International crude oil prices were little changed last session as markets weighed on weak Chinese demand and lower interest rate cut expectations from the US Federal Reserve following recent pressures from US inflation.
Brent crude futures closed up six cents, or 0.08 percent, to settle at $72.94 a barrel. U.S. West Texas Intermediate crude futures rose eight cents, or 0.12 percent, to settle at $69.46 a barrel. Both crude oil benchmarks ended the week about 2.5 lower. At home, crude oil futures fell 0.1 percent higher ₹5,944 per barrel on the multi-commodity exchange (MCX).
Also read: Morgan Stanley and HSBC cut crude oil supply forecast; The Brent average was near $70 for 2025 after the OPEC+ ruling
Brent lost 2.5%: what weighs on the price of crude oil?
-The US dollar retreated from a two-year high but was on track for a third straight week of gains after data showed US inflation cooled two days after the US Federal Reserve cut interest rates, but its outlook for interest rate cuts next year. A weaker dollar makes oil cheaper for holders of other currencies, while interest rate cuts could boost oil demand.
-Analysts say fears that the US Fed will give up supporting the market with its interest rate programs have disappeared. There were concerns in the market about the prospects for demand, especially when it comes to China, and if we lost monetary support from the US Fed it would be something of a one-two punch.
-China’s state-owned refiner Sinopec said Thursday in its annual energy outlook that China’s crude oil imports could peak as early as 2025 and the country’s oil consumption would peak in 2027, as demand for diesel and gasoline weakens. This will result in weak Chinese imports next year.

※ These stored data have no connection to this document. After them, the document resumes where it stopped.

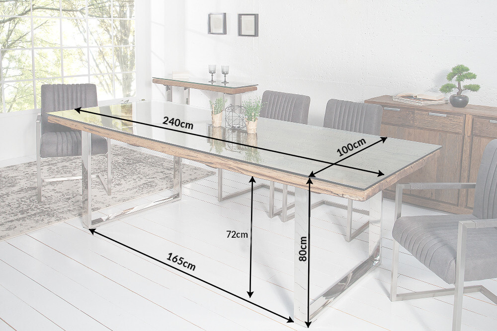 De massieve eettafel BARRACUDA is een geslaagde combinatie van natuurlijke en moderne elementen. Het rustieke tafelblad is gemaakt van oude houten planken en maakt indruk door zijn natuurlijke design. De door de natuur gecreëerde scheuren en groeven werden bewust verwerkt en achtergelaten. Dit maakt elke tafel uniek! Het tafelblad, gemaakt van antiek teakboothout, rust op een recht roestvrijstalen frame. Dit geeft de eettafel een veilige en stabiele stand en combineert modern design met natuurlijke elementen. De tafel oogt bijzonder indrukwekkend in combinatie met het bijbehorende glazen blad. Dit zorgt voor een vlak oppervlak zonder de unieke houten planken en hun prachtige nerven te bedekken. Elegant, functioneel en met een verbluffende uitstraling wordt deze tafel het middelpunt van uw huis.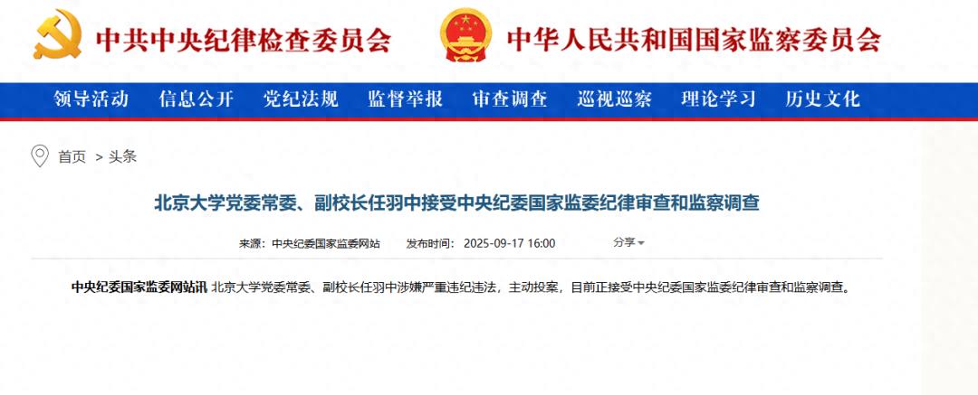 中央纪委国家监委网站9月17日消息,北京大学党委常委、副校长任羽中涉嫌严重违纪违法,主动投案,目前正接受中央纪委国家监委纪律审查和监察调查。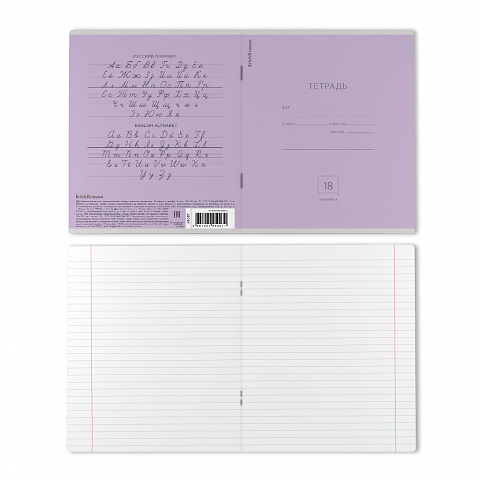 Тетрадь школьная ученическая ErichKrause Классика фиолетовая, 18 листов, линейка (в плёнке по 10 шт.) |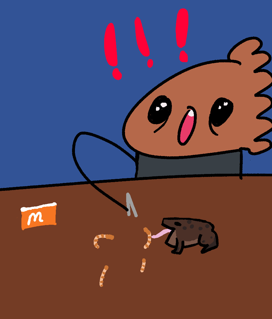 So like my toad stopped eating a week ago so i got really worried. i tried to feed him today and he ate 6 whole giant meal worms.
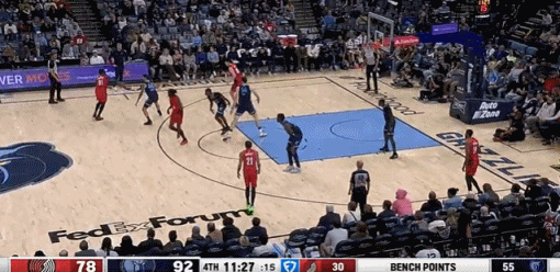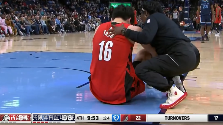 随后一个回合,杨瀚森在遭遇包夹的情况下,被伊迪打到面部,痛苦倒地,在地上躺了半天没起来,灰熊之后掀起反击,开拓者主帅斯普利特对于这个判罚极为不满,向裁判抱怨没有中断比赛,而这个球也被记为杨瀚森的失误。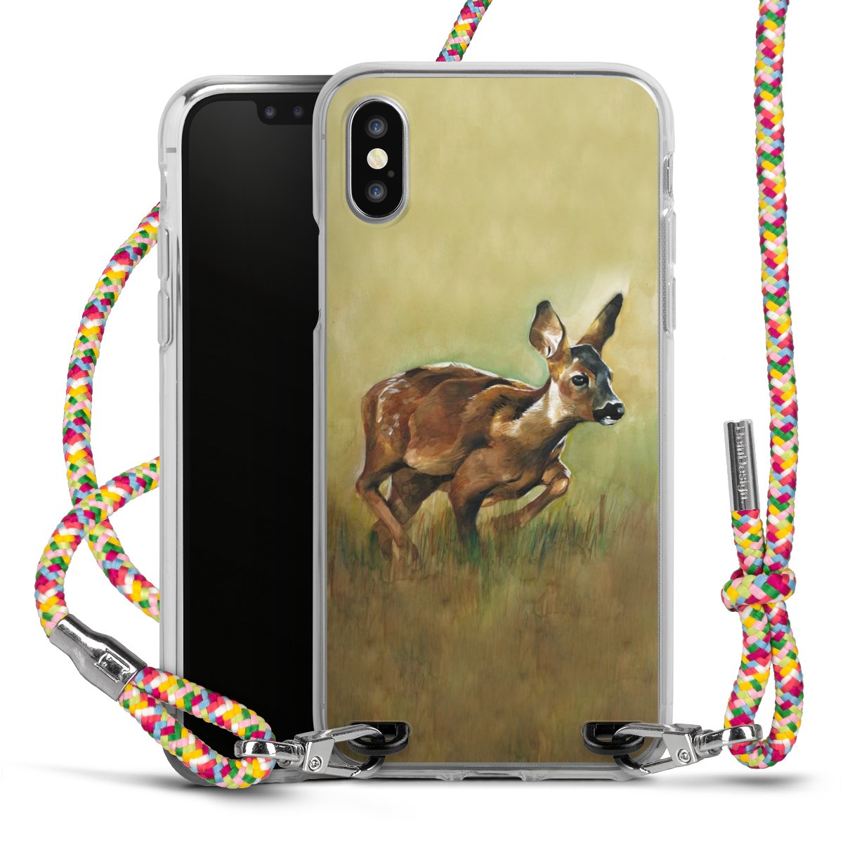 The flexible case is made from a highquality TPU material (thermoplastic Polyurethan). Thanks to its longlasting and break resistant characterisitcs, the case is flexible yet consistent in form and has a great grip and feel. The textile strap made from Polyester gives a chic yet casual accent allowing you to carry your phone like a bag or necklace - a practical gadget perfect for your next adventure. The textile strap is about 1.70 meters long and the length can easily be adjusted through the knots. Our Carry Case is available in Colourful, Mint-Camouflage, Very-Berry, Sahara-Sand and Sparkling-Neon. The ends of the textile strap are covered with metallic end caps to protect them against fraying.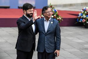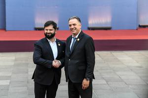 (250721) -- SANTIAGO, 21 julio, 2025 (Xinhua) -- El presidente chileno, Gabriel Boric (i), recibe al presidente colombiano, Gustavo Petro...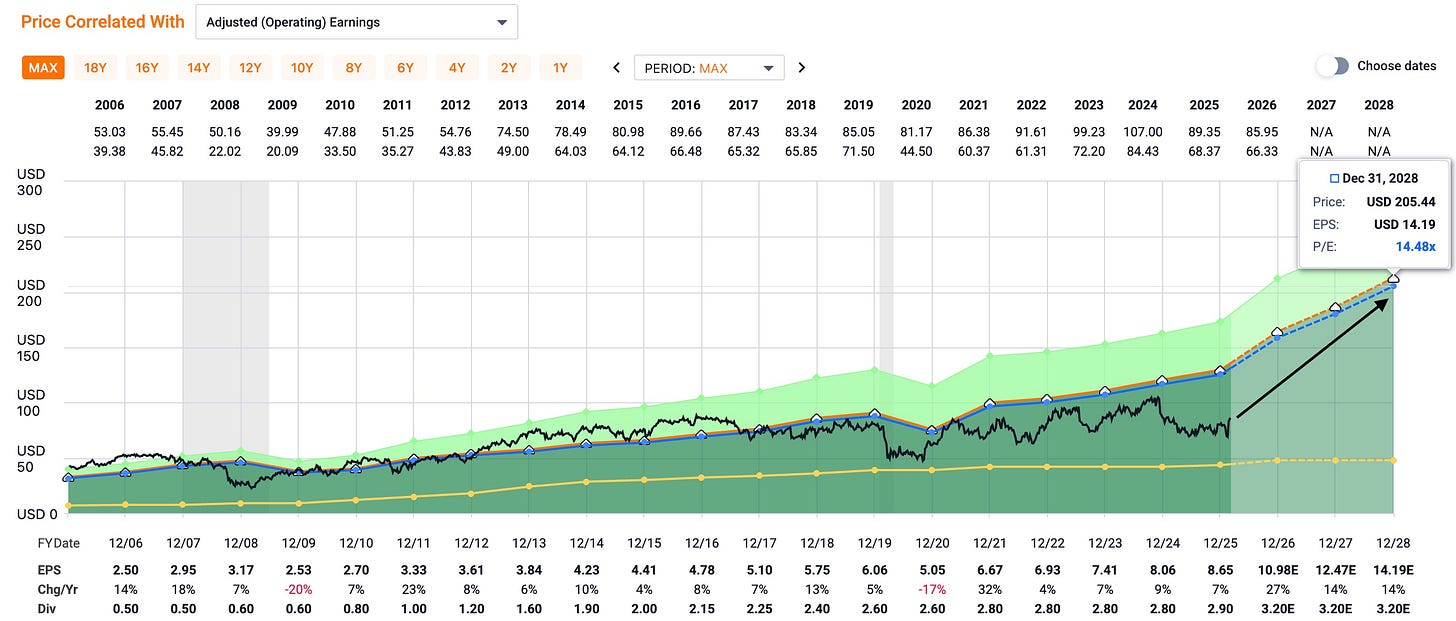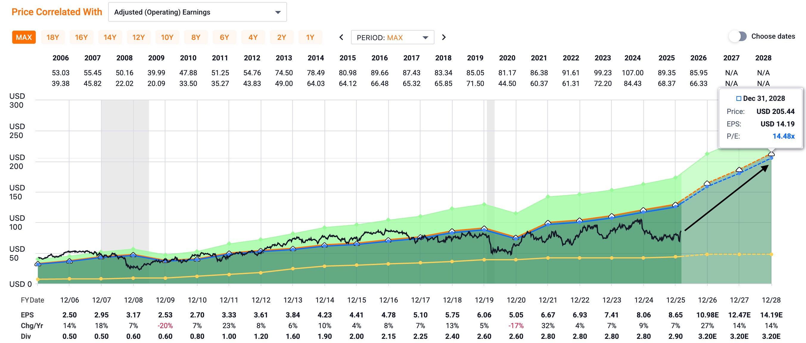 If rates decline and recession is avoided, a move above $100 by late 2026 is very achievable in my view. If the OMC can return to their historical average, upside potential is massive with a 2028 price target of $205.44.

Also read: Shell and Norway’s Equinor to combine offshore assets to create Britain’s largest oil and gas company in joint venture
-OPEC, the Organization of the Petroleum Exporting Countries and related producers, recently cut its growth forecast for global oil demand in 2024 for a fifth month. Analysts say OPEC needed supply discipline to boost prices and calm jittery market nerves amid ongoing revisions to demand forecasts
-JPMorgan sees the oil market moving from equilibrium in 2024 to a surplus of 1.2 million barrels per day in 2025. The bank predicts that supply from non-OPEC countries will increase by 1.8 million barrels per day in 2025 and that OPEC production will remain at current levels.
-Newly elected US President Donald Trump said in his latest attack that the European Union (EU) could face tariffs if the bloc does not reduce its growing deficit with the US by making major oil and gas deals with the world’s largest economy .
Bloomberg reported Thursday that G7 countries are considering ways to tighten the price ceiling on Russian crude, such as a complete import ban or lowering the price threshold, in a way that could tighten supply.
-Russia has circumvented the $60 per barrel limit imposed in 2022 after the invasion of Ukraine through the use of its “shadow fleet” of ships, which the EU and Britain have responded to with further sanctions in recent days.
Also read: Saudi Aramco will take on more debt and focus on dividend growth, says CFO Ziad Al-Murshed after oil price drop
Where are the prices going?
Rahul Kalantri, VP Commodities at Mehta Equities Ltd, said: “Record strength in the dollar index after the FOMC meeting results and the US Fed’s aggressive guidance for rate cuts in 2025 could limit crude oil gains.”
“The US Fed guidance for rate cuts in 2025 has been reduced to 50 basis points from the November meeting of 100 basis points and could impact global oil demand. We expect crude oil prices to remain volatile. Crude oil has support at $69.05-68.60, and resistance is at $70.30-71.00. In INR, crude oil has support on ₹5,940-5,880 while resistance is at ₹6,060-6,140,” Kalantri added.
“Prices retreated from their all-time highs as the dollar rose to a two-year high of 108.3 following the release of the closely watched Fed dot plot projections, which indicated several officials now expect fewer rate cuts next year. Fed officials are now anticipating it. Inflation will take longer to reach its two percent target,” said Kaynat Chainwala, AVP-Commodity Research, Kotak Securities.